The data section start

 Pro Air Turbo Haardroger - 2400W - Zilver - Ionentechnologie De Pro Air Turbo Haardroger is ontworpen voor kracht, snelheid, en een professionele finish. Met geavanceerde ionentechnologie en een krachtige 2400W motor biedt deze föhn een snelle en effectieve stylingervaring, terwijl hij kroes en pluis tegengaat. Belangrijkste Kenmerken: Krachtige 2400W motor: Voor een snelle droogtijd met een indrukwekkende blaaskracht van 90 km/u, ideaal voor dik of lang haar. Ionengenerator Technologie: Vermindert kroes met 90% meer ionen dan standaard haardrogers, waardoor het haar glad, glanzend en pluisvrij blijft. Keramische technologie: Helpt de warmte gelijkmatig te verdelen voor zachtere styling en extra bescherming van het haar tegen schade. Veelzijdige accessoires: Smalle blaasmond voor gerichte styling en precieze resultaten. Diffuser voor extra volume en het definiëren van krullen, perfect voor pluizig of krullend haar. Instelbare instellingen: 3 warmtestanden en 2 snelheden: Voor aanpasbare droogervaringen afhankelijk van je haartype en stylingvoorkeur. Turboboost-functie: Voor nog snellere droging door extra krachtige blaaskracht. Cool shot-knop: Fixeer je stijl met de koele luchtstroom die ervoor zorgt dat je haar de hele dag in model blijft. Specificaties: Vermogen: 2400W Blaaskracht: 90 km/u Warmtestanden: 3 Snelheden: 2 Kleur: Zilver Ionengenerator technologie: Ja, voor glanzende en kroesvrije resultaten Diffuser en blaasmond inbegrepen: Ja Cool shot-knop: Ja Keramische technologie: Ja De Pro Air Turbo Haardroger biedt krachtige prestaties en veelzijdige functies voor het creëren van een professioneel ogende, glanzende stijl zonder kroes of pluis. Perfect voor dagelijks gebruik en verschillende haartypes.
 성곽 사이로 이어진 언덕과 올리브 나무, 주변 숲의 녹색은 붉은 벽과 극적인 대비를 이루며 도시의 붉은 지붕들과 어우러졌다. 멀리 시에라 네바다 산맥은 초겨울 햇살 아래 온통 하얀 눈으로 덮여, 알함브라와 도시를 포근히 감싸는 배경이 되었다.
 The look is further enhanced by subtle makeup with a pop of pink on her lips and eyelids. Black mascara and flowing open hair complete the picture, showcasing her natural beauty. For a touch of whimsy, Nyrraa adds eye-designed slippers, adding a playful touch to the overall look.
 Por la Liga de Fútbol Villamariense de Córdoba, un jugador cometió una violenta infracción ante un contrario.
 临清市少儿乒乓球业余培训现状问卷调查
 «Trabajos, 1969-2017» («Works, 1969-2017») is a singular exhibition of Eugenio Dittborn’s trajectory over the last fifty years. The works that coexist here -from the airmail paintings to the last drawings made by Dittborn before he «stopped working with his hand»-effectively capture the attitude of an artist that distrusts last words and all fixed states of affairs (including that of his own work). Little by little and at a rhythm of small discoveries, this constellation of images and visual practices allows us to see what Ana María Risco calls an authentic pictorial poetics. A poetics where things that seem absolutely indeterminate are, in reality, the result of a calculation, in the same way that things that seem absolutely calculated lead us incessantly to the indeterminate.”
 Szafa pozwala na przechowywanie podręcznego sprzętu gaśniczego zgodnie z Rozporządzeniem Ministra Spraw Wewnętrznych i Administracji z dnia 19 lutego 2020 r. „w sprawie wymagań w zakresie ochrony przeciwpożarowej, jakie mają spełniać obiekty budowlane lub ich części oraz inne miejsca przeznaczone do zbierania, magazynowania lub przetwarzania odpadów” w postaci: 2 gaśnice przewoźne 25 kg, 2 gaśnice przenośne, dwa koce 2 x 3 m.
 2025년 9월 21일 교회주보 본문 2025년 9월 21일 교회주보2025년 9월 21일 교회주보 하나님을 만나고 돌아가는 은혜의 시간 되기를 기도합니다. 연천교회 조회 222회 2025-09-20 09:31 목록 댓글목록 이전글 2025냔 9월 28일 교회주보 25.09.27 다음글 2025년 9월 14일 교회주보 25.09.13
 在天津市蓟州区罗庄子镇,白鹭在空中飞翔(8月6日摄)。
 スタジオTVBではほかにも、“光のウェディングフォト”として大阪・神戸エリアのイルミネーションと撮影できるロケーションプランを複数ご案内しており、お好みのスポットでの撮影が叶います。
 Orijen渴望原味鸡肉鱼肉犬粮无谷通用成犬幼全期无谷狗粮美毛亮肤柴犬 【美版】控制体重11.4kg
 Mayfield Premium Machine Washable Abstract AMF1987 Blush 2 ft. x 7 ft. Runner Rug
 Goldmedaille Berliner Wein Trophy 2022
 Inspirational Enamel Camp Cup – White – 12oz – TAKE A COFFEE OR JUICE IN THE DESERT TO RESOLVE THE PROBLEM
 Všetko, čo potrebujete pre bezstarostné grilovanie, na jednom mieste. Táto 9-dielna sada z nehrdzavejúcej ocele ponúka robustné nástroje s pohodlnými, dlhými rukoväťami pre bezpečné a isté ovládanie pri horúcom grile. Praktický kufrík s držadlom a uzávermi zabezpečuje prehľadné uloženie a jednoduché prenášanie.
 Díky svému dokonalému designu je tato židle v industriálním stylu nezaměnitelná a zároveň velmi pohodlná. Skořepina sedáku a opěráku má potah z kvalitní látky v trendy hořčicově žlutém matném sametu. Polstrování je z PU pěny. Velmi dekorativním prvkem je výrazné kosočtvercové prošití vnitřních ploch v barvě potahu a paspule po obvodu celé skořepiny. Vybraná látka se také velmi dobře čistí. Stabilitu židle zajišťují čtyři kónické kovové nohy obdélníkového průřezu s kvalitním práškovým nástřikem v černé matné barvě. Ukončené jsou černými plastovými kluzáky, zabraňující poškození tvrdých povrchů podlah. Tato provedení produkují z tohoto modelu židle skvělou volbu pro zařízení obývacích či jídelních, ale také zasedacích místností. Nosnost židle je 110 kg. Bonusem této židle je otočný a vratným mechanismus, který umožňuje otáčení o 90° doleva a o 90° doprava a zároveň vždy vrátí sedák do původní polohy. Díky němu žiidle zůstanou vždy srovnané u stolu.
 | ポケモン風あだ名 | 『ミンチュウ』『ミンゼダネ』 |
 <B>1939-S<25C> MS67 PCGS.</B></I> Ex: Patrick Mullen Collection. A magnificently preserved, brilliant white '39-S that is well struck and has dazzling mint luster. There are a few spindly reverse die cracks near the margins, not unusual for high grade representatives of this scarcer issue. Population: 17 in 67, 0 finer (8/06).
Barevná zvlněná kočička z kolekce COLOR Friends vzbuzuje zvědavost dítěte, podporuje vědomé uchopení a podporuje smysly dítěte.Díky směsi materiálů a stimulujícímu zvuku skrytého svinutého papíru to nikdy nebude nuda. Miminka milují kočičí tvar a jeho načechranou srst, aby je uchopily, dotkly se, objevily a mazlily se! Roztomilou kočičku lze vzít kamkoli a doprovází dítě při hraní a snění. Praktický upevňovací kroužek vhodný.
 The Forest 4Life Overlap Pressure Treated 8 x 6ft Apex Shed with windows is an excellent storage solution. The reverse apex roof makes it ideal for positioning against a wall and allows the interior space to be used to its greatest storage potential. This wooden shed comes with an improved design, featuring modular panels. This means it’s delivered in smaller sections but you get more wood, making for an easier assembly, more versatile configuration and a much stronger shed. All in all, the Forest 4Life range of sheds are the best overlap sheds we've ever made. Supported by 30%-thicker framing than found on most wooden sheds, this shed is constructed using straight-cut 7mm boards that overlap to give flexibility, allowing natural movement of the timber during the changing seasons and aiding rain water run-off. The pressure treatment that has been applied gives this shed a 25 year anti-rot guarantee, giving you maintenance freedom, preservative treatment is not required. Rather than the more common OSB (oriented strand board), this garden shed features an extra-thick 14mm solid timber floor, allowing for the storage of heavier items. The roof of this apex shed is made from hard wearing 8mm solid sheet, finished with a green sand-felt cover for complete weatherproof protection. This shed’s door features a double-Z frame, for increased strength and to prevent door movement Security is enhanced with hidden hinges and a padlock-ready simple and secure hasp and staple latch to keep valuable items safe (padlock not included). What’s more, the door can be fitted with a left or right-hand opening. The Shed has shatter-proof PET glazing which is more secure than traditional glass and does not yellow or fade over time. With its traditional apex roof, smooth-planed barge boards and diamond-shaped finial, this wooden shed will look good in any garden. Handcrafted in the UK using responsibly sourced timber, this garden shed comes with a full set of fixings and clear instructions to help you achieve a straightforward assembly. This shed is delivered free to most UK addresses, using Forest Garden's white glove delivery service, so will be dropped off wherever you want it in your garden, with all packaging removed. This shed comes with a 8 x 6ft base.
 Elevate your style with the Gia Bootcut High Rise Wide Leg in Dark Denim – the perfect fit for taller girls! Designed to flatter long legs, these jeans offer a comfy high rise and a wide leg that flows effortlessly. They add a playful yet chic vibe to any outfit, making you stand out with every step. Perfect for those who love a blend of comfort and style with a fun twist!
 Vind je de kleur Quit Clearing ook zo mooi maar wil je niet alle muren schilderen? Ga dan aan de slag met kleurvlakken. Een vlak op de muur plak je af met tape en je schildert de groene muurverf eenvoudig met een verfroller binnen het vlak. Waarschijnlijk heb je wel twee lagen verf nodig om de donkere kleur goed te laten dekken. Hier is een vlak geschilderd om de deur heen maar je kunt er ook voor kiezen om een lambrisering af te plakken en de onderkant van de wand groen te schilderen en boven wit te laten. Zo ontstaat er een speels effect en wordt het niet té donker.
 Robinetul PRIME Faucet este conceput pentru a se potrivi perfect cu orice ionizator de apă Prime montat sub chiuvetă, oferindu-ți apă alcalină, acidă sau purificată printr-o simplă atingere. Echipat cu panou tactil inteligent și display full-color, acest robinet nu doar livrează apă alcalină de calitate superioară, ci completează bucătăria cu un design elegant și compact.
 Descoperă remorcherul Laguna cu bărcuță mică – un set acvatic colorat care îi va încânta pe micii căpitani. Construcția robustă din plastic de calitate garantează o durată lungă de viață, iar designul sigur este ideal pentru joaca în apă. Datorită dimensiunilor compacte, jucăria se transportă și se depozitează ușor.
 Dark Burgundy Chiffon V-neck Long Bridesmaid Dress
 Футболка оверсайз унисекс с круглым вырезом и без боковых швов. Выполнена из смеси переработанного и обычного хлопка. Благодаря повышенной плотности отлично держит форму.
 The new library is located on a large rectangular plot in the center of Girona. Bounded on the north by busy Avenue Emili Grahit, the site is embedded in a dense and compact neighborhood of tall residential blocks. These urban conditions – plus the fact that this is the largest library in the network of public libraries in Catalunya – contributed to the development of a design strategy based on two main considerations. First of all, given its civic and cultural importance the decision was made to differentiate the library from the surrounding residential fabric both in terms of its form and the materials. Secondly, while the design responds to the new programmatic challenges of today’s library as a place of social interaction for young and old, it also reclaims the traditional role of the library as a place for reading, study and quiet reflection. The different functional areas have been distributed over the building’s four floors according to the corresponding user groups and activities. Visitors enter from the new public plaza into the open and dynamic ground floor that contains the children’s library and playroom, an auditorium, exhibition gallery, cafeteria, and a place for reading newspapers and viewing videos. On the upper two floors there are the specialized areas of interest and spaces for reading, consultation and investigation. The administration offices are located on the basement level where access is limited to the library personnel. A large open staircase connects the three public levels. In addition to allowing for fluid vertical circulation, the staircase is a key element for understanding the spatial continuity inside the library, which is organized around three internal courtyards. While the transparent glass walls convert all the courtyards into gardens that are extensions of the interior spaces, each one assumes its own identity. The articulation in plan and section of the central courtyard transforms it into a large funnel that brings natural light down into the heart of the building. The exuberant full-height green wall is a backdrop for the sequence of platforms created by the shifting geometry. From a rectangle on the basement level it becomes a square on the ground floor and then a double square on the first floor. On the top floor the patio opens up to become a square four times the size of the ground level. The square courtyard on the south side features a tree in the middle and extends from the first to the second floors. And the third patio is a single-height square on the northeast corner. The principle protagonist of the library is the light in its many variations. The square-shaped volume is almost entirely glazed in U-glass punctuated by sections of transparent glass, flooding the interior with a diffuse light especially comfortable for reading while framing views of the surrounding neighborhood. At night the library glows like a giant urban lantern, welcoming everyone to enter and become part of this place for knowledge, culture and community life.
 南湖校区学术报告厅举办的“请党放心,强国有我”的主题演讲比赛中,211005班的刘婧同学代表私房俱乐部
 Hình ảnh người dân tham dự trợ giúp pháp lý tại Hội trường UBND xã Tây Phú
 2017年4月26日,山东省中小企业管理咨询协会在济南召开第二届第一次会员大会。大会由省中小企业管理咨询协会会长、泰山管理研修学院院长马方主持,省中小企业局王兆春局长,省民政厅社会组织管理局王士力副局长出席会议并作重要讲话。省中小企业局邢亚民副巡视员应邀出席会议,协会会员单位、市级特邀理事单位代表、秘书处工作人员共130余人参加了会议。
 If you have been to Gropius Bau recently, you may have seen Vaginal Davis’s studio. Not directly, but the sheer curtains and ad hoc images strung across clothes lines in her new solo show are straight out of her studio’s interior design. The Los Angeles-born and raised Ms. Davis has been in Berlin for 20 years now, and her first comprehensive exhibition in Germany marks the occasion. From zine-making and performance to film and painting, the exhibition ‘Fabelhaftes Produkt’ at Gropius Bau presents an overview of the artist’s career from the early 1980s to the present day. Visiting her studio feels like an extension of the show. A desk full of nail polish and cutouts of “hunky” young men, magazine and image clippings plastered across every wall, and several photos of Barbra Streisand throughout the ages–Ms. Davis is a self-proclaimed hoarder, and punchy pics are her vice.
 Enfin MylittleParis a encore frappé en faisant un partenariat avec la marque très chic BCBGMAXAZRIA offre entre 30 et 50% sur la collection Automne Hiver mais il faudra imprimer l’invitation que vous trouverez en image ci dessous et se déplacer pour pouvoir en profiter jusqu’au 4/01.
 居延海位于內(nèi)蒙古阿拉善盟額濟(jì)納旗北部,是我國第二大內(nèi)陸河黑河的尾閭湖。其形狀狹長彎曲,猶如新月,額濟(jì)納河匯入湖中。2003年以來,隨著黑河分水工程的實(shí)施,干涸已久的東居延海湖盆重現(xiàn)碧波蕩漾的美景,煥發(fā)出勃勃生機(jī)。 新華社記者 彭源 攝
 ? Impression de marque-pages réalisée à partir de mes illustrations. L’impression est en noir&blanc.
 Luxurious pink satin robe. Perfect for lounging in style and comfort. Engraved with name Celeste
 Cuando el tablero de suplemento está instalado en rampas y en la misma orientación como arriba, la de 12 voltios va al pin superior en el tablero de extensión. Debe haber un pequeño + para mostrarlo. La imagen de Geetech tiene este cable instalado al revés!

The data section end

▶ _Exercise goal_
Both the line containing "ポケモン風あだ名 | 『ミンチュウ』『ミンゼダネ』 |" and the line containing "<B>1939-S<25C> MS67 PCGS.</B></I>" belong in the answer. Print them and every line above that falls between them exactly, and no others.

▶ _The completed task_
 | ポケモン風あだ名 | 『ミンチュウ』『ミンゼダネ』 |
 <B>1939-S<25C> MS67 PCGS.</B></I> Ex: Patrick Mullen Collection. A magnificently preserved, brilliant white '39-S that is well struck and has dazzling mint luster. There are a few spindly reverse die cracks near the margins, not unusual for high grade representatives of this scarcer issue. Population: 17 in 67, 0 finer (8/06).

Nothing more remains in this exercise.